Leaving out the pictures, please reproduce exactly and only the lines from the one that contains "A intervenção neste" through the last line below.

Information shown.

-------

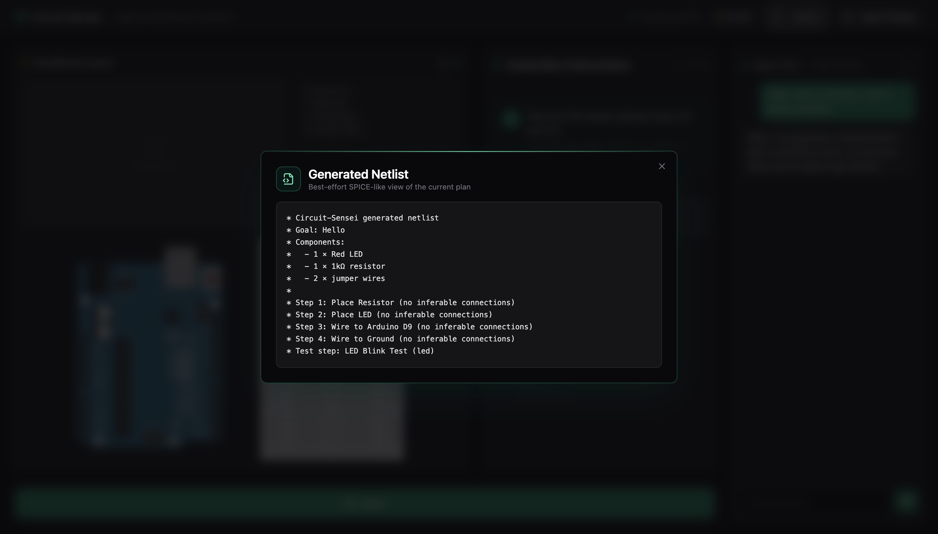 Connecting Circuit Sensei to a larger full-stack ecosystem capable of transforming ideas to real, physical, devices. Circuit Sensei is the first step in lowering the barrier to build and allow students and hobbyists to start prototyping rather than get bogged down in tutorials and messy diagrams. Currently the agent can provide a .netlist file, a text-based description of every component and connection in the circuit, which the user can import directly into schematic and simulation tools. Netlists are the standard format used across industry and research for describing circuits, so learning to work with them early bridges the gap between classroom breadboarding and professional design workflows. Continuing this pipeline allows more intermediate and advanced users to start simulating their circuits without needing full test benches and eventually to designing custom PCBs for their projects. Circuit Sensei will keep the ethos of being a mentor at each stage, being a check and verify system rather than hand-holding and doing it all on its own rather than having the user get their hands dirty.
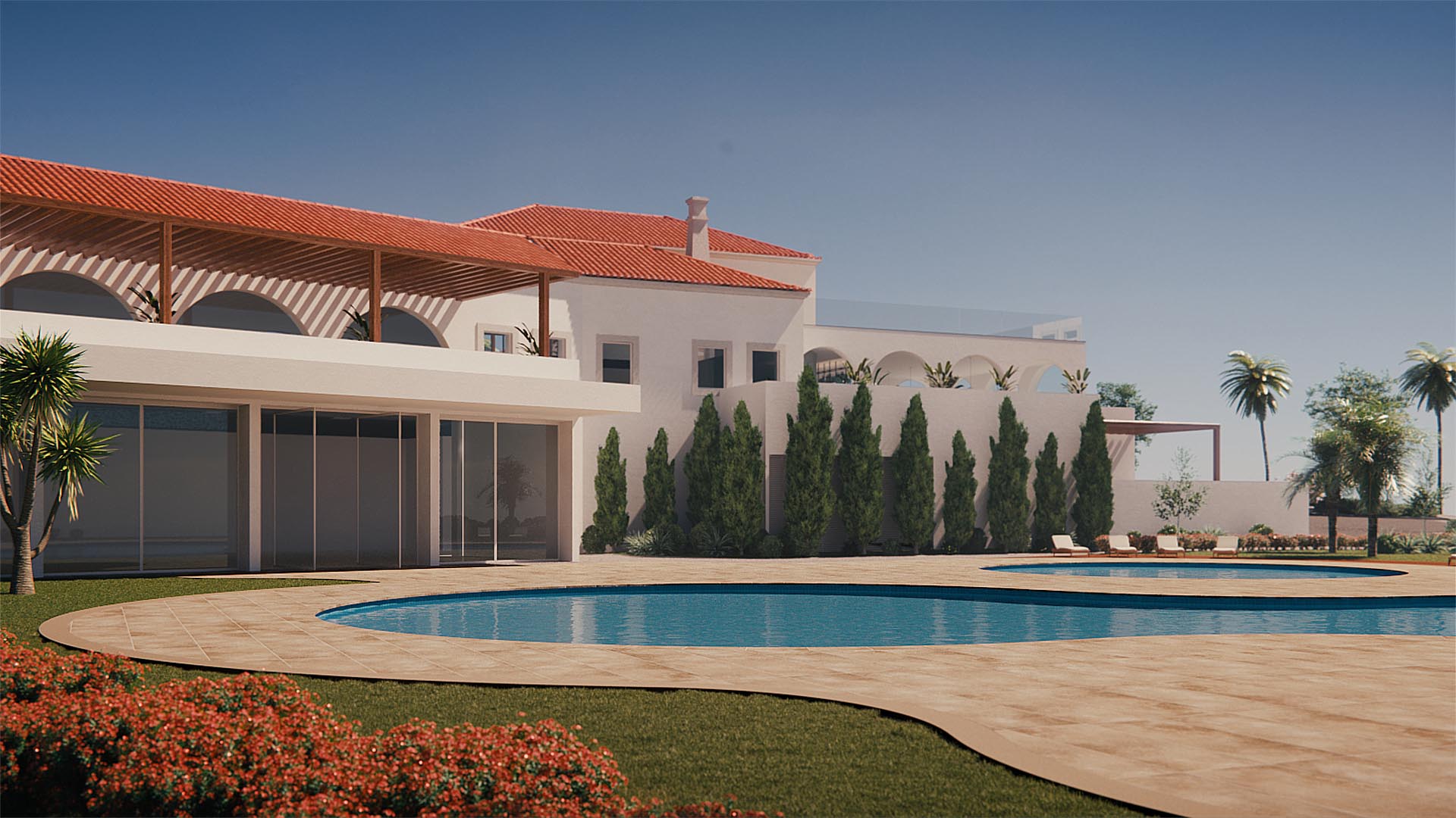 A intervenção neste Aldeamento Turístico, pretende introduzir características contemporâneas e funcionais ao nível do Edifício principal – “Praça” e dos espaços exteriores envolventes. São propostas alterações de fachada que propõem a beneficiação do contexto arquitetónico e espacial do empreendimento.
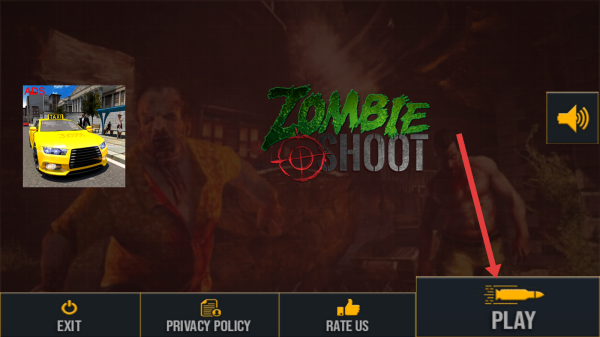 1、在Zombie-Shoot游戲主界面,點(diǎn)擊右下角標(biāo)有子彈圖標(biāo)的PLAY按鈕,進(jìn)入武器選擇頁面,開啟對抗僵尸的游戲流程。

-------

Problem solution.
 A intervenção neste Aldeamento Turístico, pretende introduzir características contemporâneas e funcionais ao nível do Edifício principal – “Praça” e dos espaços exteriores envolventes. São propostas alterações de fachada que propõem a beneficiação do contexto arquitetónico e espacial do empreendimento.
 1、在Zombie-Shoot游戲主界面,點(diǎn)擊右下角標(biāo)有子彈圖標(biāo)的PLAY按鈕,進(jìn)入武器選擇頁面,開啟對抗僵尸的游戲流程。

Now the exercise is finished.